The Awkwardly Shaped Tom Patterson Theatre – and Mary Stuart


Last but not least – there’s the Tom Patterson Theatre. I describe it as awkward because the theatre is in a curling rink – long and thin, with rows of seats extending all the way from the narrow front of the stage to the far back. It’s a huge space – and the actors are challenged to be heard and to be seen when their backs are to at least 1/2 the audience at all times. By definition the staging is minimalist – but this is Stratford – minimalist doesn’t mean boring or empty.

At the Tom Patterson, lighting takes on a leading role. In the case of Mary Stuart – the only play we saw there this year – lighting produces the mazes that the players walk to show their captivity, their helplessness, their forced upon them artificial lives. Lighting makes the play.
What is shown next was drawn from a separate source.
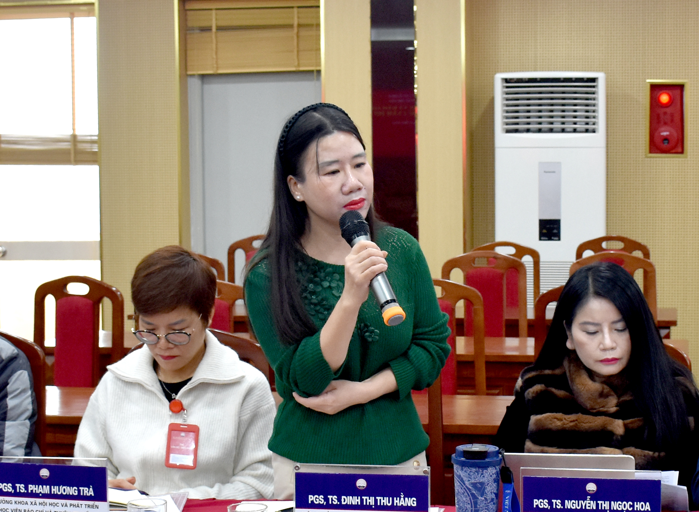 PGS,TS. Phạm Hương Trà, Trưởng khoa Xã hội học và Phát triển trao đổi tại phiên họp

And when the theatre suddenly went dark because of a Stratford wide power failure – the audience and the actors were stunned. The actors quite literally froze in their paces – I’m guessing hoping that the computer controlled lights would remember where they had been moments earlier. No such luck. The lights had to grind thru their positions, and the play had to start over several pages back. Kinda neat – as an audience you rarely see how professionals can with such apparent ease virtually repeat every movement again and again.

For those wondering about the play – the story tells of an imaginary meeting between Queen Elizabeth and her rival for the throne of England, Mary Stuart. But the meeting, despite being the ‘heart’ of the play – is fore-shadowed by the preamble to the meeting – the posturing by both Mary and Elizabeth, the fawning of their staff, the desperate need to be right, to be loved, to be respected. It does make for powerful drama.

I’d give this play/production a medium recommend. Not as much fun as Fiddler, not as uncomfortable for the audience as The Merchant of Venice, not as noisy as Tommy, not as fun as Blythe Spirit and not as dramatic a tour de force as Thrill, but still worth the money.